Another time, my husband was chopping down ligustrum bushes in the back yard in preparation for putting up a privacy fence. The bushes were so tall and thick, they were like small trees. Unfortunately, they were tree-like enough that a mama finch had made a nest and laid her eggs in the branches. My husband did not see it until my two boys, who had been helping him by picking up the cuttings and piling them in a heap, discovered the nest among the debris with three baby birds in it. One baby was already dead and the other two were barely alive. My husband and sons felt terrible. “Daddy, can we save these two?” our youngest pleaded. “We could put the nest in another tree so the mama can come back for them.” My husband knew it was futile, and the babies were too young to be hand-fed, but looking at his son’s little trusting face, he had to give it a try. So he scooped up the nest and found another ligustrum bush to set it in. The next morning, when my boys went out to check on the nest, the babies were gone. “Daddy, daddy, the babies aren’t in the nest anymore! Do you think the mama came back for them?” My husband went out to look for himself, and after making a careful inspection, he found one baby on the ground, dead, and the other missing. Lurking at the edge of the yard was one of the many cats in our neighborhood, and it was licking its chops. When my husband went back inside, he said, “Yes, that must be what happened. The mama bird came back for her babies.” My son was in innocent bliss. Son, if you are just now discovering the deception, I’m terribly sorry.

Our three (one on each end and one in the middle) and my brother’s two

One can argue that we should always be straightforward with our children and tell them the truth in situations like these. They need to toughen up and learn what life is all about. Yes, I suppose there is some truth in that. But they will have to deal with the harsh realities of life soon enough, and buffering that until they are more able to handle it doesn’t seem like a bad idea. It’s interesting to note that our other son, who is three years older than his little brother, knew his dad wasn’t telling the truth, but he kept up the deception, too, for the sake of his tender-hearted sibling.
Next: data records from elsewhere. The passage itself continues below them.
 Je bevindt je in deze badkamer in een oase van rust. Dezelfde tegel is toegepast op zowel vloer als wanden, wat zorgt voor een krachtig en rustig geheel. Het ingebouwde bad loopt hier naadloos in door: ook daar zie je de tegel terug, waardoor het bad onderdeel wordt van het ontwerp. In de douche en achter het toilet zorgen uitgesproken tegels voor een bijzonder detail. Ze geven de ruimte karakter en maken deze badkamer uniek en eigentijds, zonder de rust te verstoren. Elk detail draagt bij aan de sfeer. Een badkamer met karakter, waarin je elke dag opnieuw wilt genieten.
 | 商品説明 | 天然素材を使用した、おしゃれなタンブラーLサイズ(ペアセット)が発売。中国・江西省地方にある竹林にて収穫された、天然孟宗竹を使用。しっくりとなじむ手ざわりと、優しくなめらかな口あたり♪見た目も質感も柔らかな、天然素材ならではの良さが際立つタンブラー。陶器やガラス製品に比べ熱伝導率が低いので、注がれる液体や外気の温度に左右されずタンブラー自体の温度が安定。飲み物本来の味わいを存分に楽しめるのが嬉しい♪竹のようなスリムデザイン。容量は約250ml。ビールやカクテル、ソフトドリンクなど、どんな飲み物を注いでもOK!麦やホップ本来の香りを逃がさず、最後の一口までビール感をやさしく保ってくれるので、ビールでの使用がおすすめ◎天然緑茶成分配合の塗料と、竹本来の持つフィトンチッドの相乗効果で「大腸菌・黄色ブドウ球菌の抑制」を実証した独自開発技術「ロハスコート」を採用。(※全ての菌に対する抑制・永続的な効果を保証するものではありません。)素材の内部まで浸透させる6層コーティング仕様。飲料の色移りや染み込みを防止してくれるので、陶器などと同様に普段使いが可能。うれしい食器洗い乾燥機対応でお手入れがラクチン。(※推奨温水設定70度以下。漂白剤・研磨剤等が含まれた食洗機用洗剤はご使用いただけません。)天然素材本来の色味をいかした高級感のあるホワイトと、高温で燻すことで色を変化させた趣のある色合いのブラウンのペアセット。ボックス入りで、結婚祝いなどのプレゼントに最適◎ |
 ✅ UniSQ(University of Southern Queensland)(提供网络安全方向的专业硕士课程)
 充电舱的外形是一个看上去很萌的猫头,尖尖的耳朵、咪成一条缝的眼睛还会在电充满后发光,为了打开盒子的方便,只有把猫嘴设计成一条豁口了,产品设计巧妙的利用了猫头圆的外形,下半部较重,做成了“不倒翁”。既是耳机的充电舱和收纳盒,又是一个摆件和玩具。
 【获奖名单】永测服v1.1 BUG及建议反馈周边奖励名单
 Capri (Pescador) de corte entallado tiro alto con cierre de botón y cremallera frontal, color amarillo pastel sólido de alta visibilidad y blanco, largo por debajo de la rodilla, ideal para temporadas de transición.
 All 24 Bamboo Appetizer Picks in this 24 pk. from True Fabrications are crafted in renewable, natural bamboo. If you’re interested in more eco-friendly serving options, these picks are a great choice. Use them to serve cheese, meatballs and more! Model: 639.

I sometimes wonder if our government thinks we are children, too, when they keep telling us things are getting better or that they are working harder for us. I see so many people still struggling and out of work, school debts mounting with no way to pay for them, less money in my pocket because of rising health care costs and no cost-of-living increases in my retirement check, both parties continuing to argue and refusing to work together, and I’m supposed to believe we’re on the upswing? Note to Washington: Guess what? We’re not children anymore.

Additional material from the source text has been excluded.